In Stata, if the group aggregations need to be used with the original data set, one would usually use bysort with egen(). For example, to subtract the mean for each observation by smoker group.

  1. bysort sex smoker: egen group_bill = mean(total_bill)
  2. generate adj_total_bill = total_bill - group_bill

pandas groubpy provides a transform mechanism that allows these type of operations to be succinctly expressed in one operation.

  1. In [62]: gb = tips.groupby('smoker')['total_bill']
  2. In [63]: tips['adj_total_bill'] = tips['total_bill'] - gb.transform('mean')
  3. In [64]: tips.head()
  4. Out[64]:
  5. total_bill tip sex smoker day time size adj_total_bill
  6. 67 1.07 1.00 Female Yes Sat Dinner 1 -17.686344
  7. 92 3.75 1.00 Female Yes Fri Dinner 2 -15.006344
  8. 111 5.25 1.00 Female No Sat Dinner 1 -11.938278
  9. 145 6.35 1.50 Female No Thur Lunch 2 -10.838278
  10. 135 6.51 1.25 Female No Thur Lunch 2 -10.678278

By Group Processing

In addition to aggregation, pandas groupby can be used to replicate most other bysort processing from Stata.

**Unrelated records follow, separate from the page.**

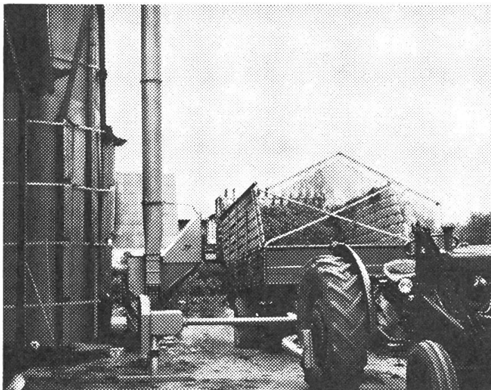
Das «JF»-SILOWURFGEBLÄSE (Zapfwellenantrieb) und der «JF»-Allzweckwagen (als Häckselwagen) mit dem Kombi- und Seitenabladern beim Füllen des Silo.
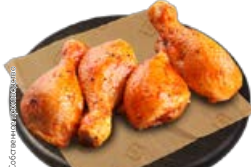
Полуфабрикат ГОЛЕНЬ КУРИНАЯ , в маринаде Алабама, охлажденная (СП), 1 кг
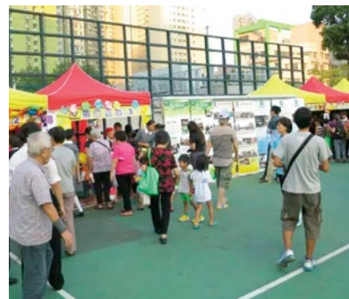
區內居民參與攤位遊戲
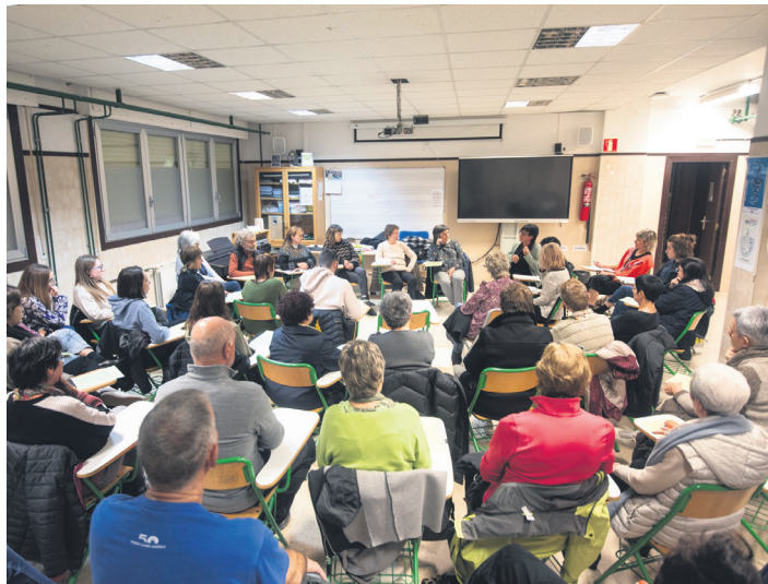
Lasarteoriatar ugari bertaratu ziren saio irekira.
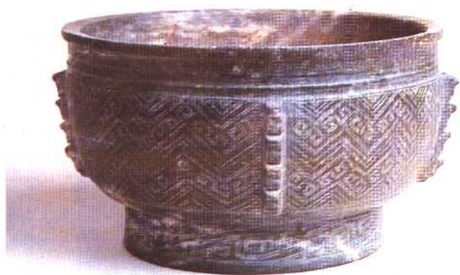
玉簋 商 1976年河南安阳出土。
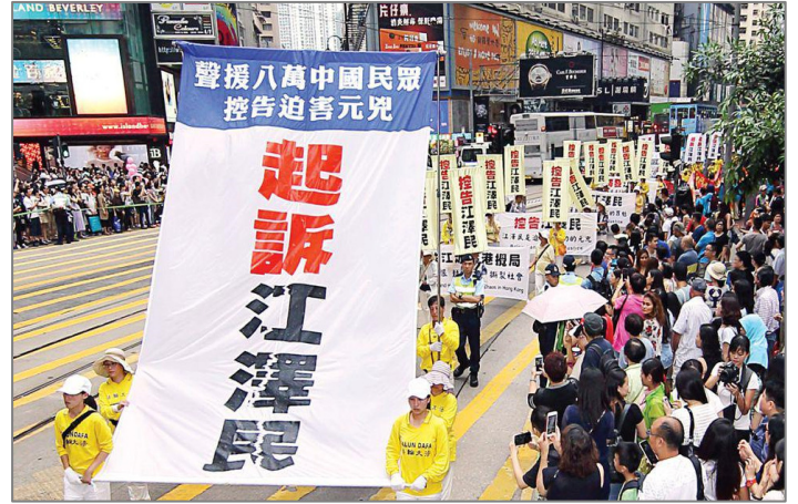
图: 2015 年 7 月 18 日, 法轮功学员在香港举行反迫害、声援“诉江”大游行, 吸引众多民众观看。
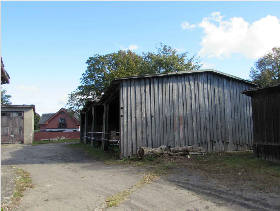
att. 34. Koka nojume 005.
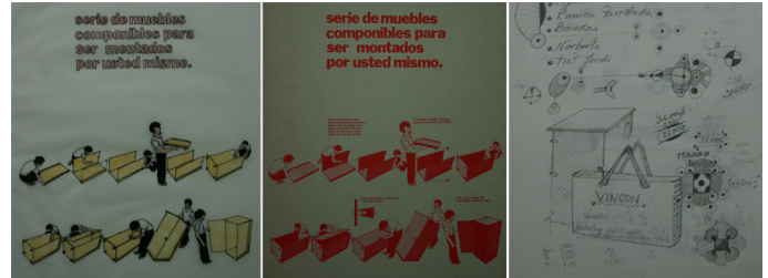
Img_7. Instrucciones de montaje. Diseño gráfico de América Sanchez./ Diseño del embalaje del sistema reutilizable.

instrucciones de montaje. Un sistema que el mismo proyectó, fabricó y distribuyó desde la Botiga Estudi Taller de la calle Diputació.
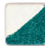
Emerald Green 11
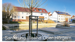
Sanierung Weehd Ober-Hörgern
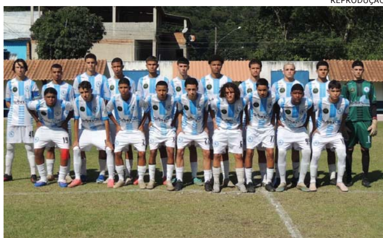
TIME jovem da LAD venceu os dois confrontos regionais

Mas a equipe de Angra partiu para cima do time de Mangaratiba desde o co-
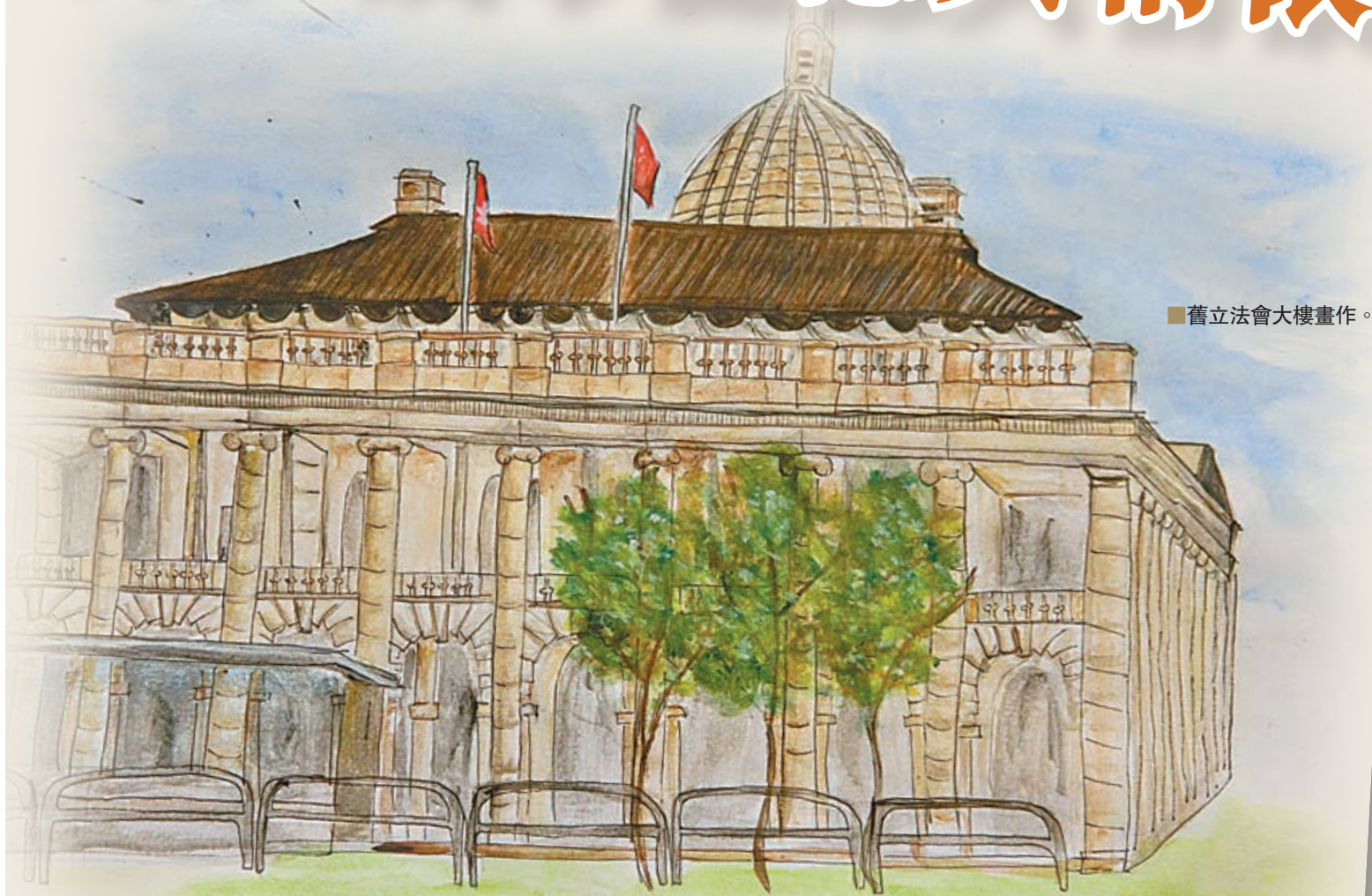
■ 舊立法會大樓畫作。

香港十八區各種景致，都能講出一個頗具在地情懷的故事。如何讓這些景致一直留在香港人的心中，則是描刻香港歷史記憶的一項重要工程。長春社文化古蹟資源中心(CACHe)得以為香港電台製作及推出的紀錄片《香港歷史系列》設計一系列延伸體驗學習活動，協助學生以不同層面探索過去。透過講座、工作坊、導賞、繪畫等知識交流體驗，啟發學生對香港這城市歷史的情感，身體力行尋找歷史的足跡。

For example, the following example lists the first observation in the current sort order by sex/smoker group.

  1. bysort sex smoker: list if _n == 1

In pandas this would be written as:

  1. In [65]: tips.groupby(['sex', 'smoker']).first()
  2. Out[65]:
  3. total_bill tip day time size adj_total_bill
  4. sex smoker
  5. Female No 5.25 1.00 Sat Dinner 1 -11.938278
  6. Yes 1.07 1.00 Sat Dinner 1 -17.686344
  7. Male No 5.51 2.00 Thur Lunch 2 -11.678278
  8. Yes 5.25 5.15 Sun Dinner 2 -13.506344

Other Considerations

Disk vs Memory

Pandas and Stata both operate exclusively in memory. This means that the size of data able to be loaded in pandas is limited by your machine’s memory. If out of core processing is needed, one possibility is the dask.dataframe library, which provides a subset of pandas functionality for an on-disk DataFrame.